Hauskäufer leiden unter Familienstreit der Vorbesitzer
Justiz Eine Familie erwirbt ein Haus, in dem noch der Sohn des alten Eigentümers lebt. Sie wollen ihm kündigen, doch so einfach ist das nicht
Wenn die Familie zerrüttet ist, dann fällt es den Beteiligten oft schwer, weiter gemeinsam in einem Haus zu leben. Doch die Streitigkeiten können auch noch andere Auswirkungen haben. Wer ein Haus einer zerstrittenen Familie kauft, sollte genau hinschauen, wenn er wegen der Streitigkeiten in der Verkäuferfamilie nicht auch Probleme bekommen möchte. In einem Fall in Augsburg ist genau das passiert.
Das Zweifamilienhaus gehörte einem Mann, der dort mit seinem 50-jährigen Sohn wohnte. Zwischen den beiden gab es Streit. Weil der Sohn ein schweres Rückenleiden hatte und schon seit seiner Geburt im Haus wohnte, einigten sich Vater und Sohn in einem Prozess im Jahr 2009 vor Gericht auf einen Vergleich. Der Sohn sollte weiterhin als Mieter auf unbestimmte Zeit im Erdgeschoss wohnen bleiben dürfen, während der Vater den ersten Stock des Gebäudes für sich behielt.
Festgelegt wurde, dass keiner mehr Kontakt zum jeweils anderen aufnehmen sollte. Bei Streitigkeiten aus dem Mietverhältnis sollten Vater und Sohn künftig nicht gleich zum Gericht gehen, sondern vorher ein außergerichtliches Schlichtungsverfahren nutzen. 2015 änderten sich die Besitzverhältnisse. Eine Familie mit zwei kleinen Kindern kaufte dem Vater das Haus ab und zog in dessen ehemalige Wohnung im ersten Stockwerk ein. Schon nach zwei Monaten kündigten sie dem Sohn. Dieser halte Kaninchen in seiner Wohnung, was zu einem unerträglichen Gestank im Treppenhaus führe, gab die Familie an. Außerdem schlage er nachts die Türen so heftig zu, dass die Kinder davon aufwachen, hieß es in der Klage.
Nachdem der Sohn des Vorbesitzers nicht freiwillig auszog, erhoben die neuen Eigentümer Klage vor dem Amtsgericht. Der Mieter hielt dagegen, dass die Vermieter vorher noch ein Schlichtungsverfahren hätten durchführen müssen, wie es in dem Vergleich mit seinem Vater geregelt war. Als neue Eigentümer seien auch sie daran gebunden.

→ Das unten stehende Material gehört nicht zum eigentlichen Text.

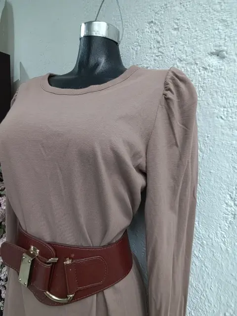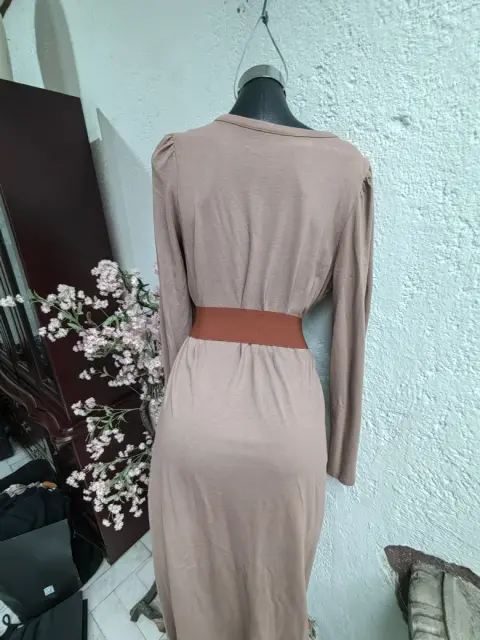 vestido de algodón, manga larga. Super lindo, cómodo y lindo fresco, vestido de algodón, abajo de la rodilla, pequeña abertura en los laterales (aproximadamente 15 cm)

Das Amtsgericht sah dies anders. Die Formulierungen des Vergleichs seien, so die Entscheidung, auf das zerrüttete Vater-Sohn-Verhältnis zugeschnitten. Obwohl die neuen Eigentümer in das bestehende Mietverhältnis eingetreten sind, gelte die Klausel über das in einem Streit vorher notwendige Schlichtungsverfahren nicht für sie. Der Sohn ging in die nächste Instanz: Mit der Berufung vor dem Landgericht hatte er Erfolg. Die Klage der neuen Hauseigentümer auf Wohnungsräumung wurde wegen der Schiedsklausel abgewiesen. An den Vergleich seien die neuen Eigentümer nur dann nicht gebunden, wenn sich aus den Umständen etwas anderes entnehmen lasse oder das Gegenteil vereinbart worden sei, so das Urteil.